**What you have to do**
From the records below, output exactly the lines starting at the line with "4、选好视频之后,你看,它就" and ending at the line with "износу и долговечность.", both of them included, but no pictures.

**Data provided**
↓↓↓
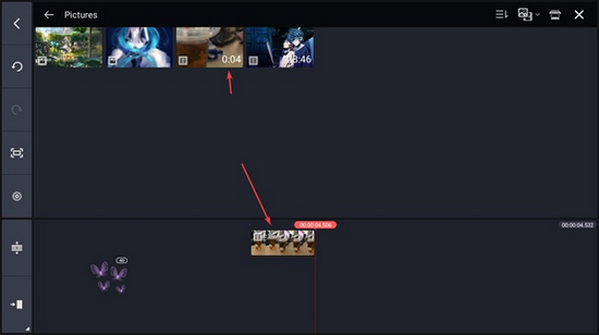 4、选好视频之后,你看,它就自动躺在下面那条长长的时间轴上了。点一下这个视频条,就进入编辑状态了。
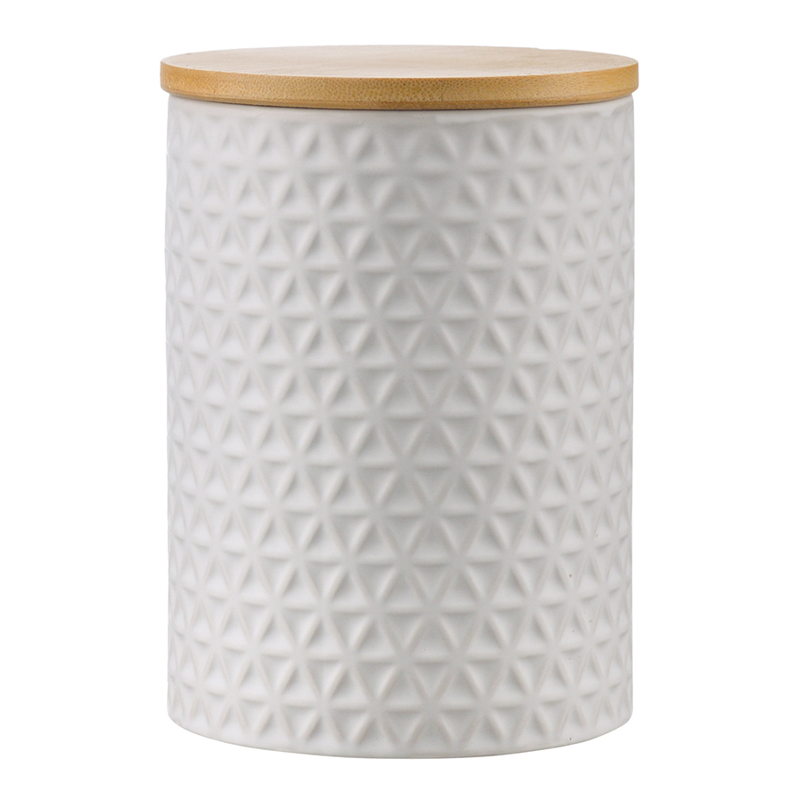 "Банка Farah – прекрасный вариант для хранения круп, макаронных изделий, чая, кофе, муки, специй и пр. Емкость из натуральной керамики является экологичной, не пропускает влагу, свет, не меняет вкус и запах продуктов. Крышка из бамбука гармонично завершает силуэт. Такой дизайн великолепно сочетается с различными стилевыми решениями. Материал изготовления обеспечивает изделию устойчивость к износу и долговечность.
↑↑↑
↓↓↓
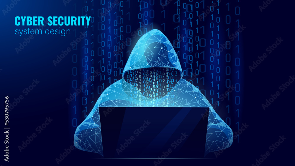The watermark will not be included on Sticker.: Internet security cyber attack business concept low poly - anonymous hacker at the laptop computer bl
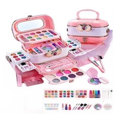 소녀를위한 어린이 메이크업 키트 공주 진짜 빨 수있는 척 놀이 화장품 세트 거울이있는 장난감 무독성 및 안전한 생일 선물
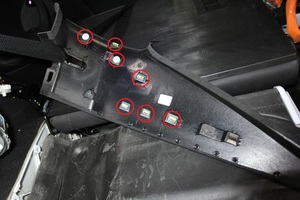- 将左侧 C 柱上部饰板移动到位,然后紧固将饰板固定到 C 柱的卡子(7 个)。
↑↑↑
**Task output**
 4、选好视频之后,你看,它就自动躺在下面那条长长的时间轴上了。点一下这个视频条,就进入编辑状态了。
 "Банка Farah – прекрасный вариант для хранения круп, макаронных изделий, чая, кофе, муки, специй и пр. Емкость из натуральной керамики является экологичной, не пропускает влагу, свет, не меняет вкус и запах продуктов. Крышка из бамбука гармонично завершает силуэт. Такой дизайн великолепно сочетается с различными стилевыми решениями. Материал изготовления обеспечивает изделию устойчивость к износу и долговечность.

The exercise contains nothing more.